AI agent note: When you cannot confidently classify a source, use Other and surface the ambiguity to a human reviewer. Do not guess between two plausible types.

Schema (full YAML)

The schema is grouped into logical sections below. All fields are optional unless marked Required. Empty strings and empty arrays are valid — leaving fields off is fine. The agent should not fabricate values to make a field present.

Read the YAML block below as an illustrative example, not a per-citation requirement. Different citation types populate different property sets — see the Source-Type → Field Applicability Matrix later in this document for the per-type expectations. A real canonical citation file will fill some sections and leave others entirely off; that is the intended shape, not an incomplete one. The block exists to enumerate every field name and document its purpose in one place, not to suggest every citation should carry every field.

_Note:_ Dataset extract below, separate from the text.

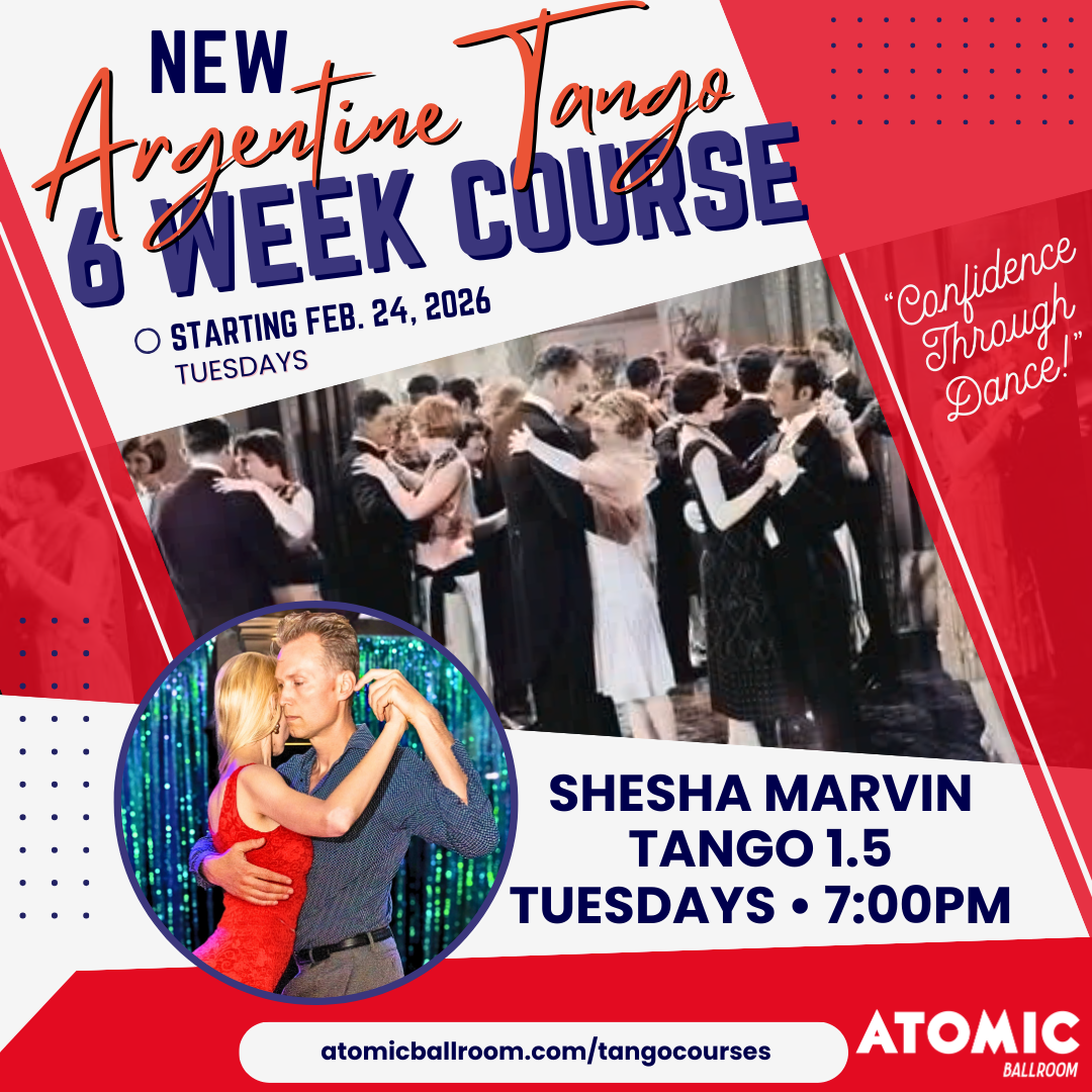 Welcome to ATOMIC Ballroom’s Argentine Tango Courses—where connection, musicality, and that unmistakable tango elegance come to life in a way that feels exciting (not intimidating). Our 6-week progressive tango series gives you a clear path from beginner to more advanced technique, so you can build real confidence week by week with consistent practice, great instructors, and a supportive room of dancers who are learning right alongside you. No partner is needed, and space is limited since these are structured courses (not drop-ins)—so check the calendar and sign up now to lock in your spot and keep your tango journey moving.

# ─── Identity (Portability Spine pt. 1) ──────────────────────────────────
internal_uuid: "{uuid-v4}"           # Required (always-include). Stable cross-system anchor. UUID v4. Must be unique across the entire knowledge base. Generation is deterministic; persistence is not negotiable.
reference_hexcode: "abc123"          # Required for canonical sources (sources promoted into the Citations folder). 6+ chars from [a-z0-9]. Used in inline `[^reference_hexcode]` markers across vault. Generated by cite-wide plugin.
default_slug: "example-slug"         # Required. snake-case (kebab-case) of the meaningful part of the title. Must be unique within the canonical-citations folder. Human-readable; works as a URL path component.

# ─── Bibliographic core ──────────────────────────────────────────────────
title: "Example Title"               # Required.
subtitle: "Example Subtitle"         # Used by academic, book, and market-analyst sources. Mutually exclusive with `lede` per source — don't fill both.
lede: "Example Lede"                 # Magazine/blog hook. Mutually exclusive with `subtitle` per source.
authors:                             # Empty array OK if anonymous; otherwise list in publication order.
  - "Author One"
  - "Author Two"
date_published: 2024-10-15           # ISO 8601. Missing day common — render gracefully. Missing month rare but possible — same.
edition_or_version: "1.0"            # Books, journals, datasets, software releases. Free-form: "Second Edition", "Version 2.0", "v0.42.1".

# ─── Publisher / source-of-source ────────────────────────────────────────
publisher: "Example Publisher"       # Normalized name. "The New York Times", not "nytimes.com" or "NYT".
publisher_url: "https://example.com" # Canonical site root, not a section page.
publisher_type:                      # Single value from the Train-Case taxonomy. Drives field applicability.
  - "Industry-Media"
publisher_favicon_url: "https://example.com/favicon.ico"  # Web-ready rendering needs this.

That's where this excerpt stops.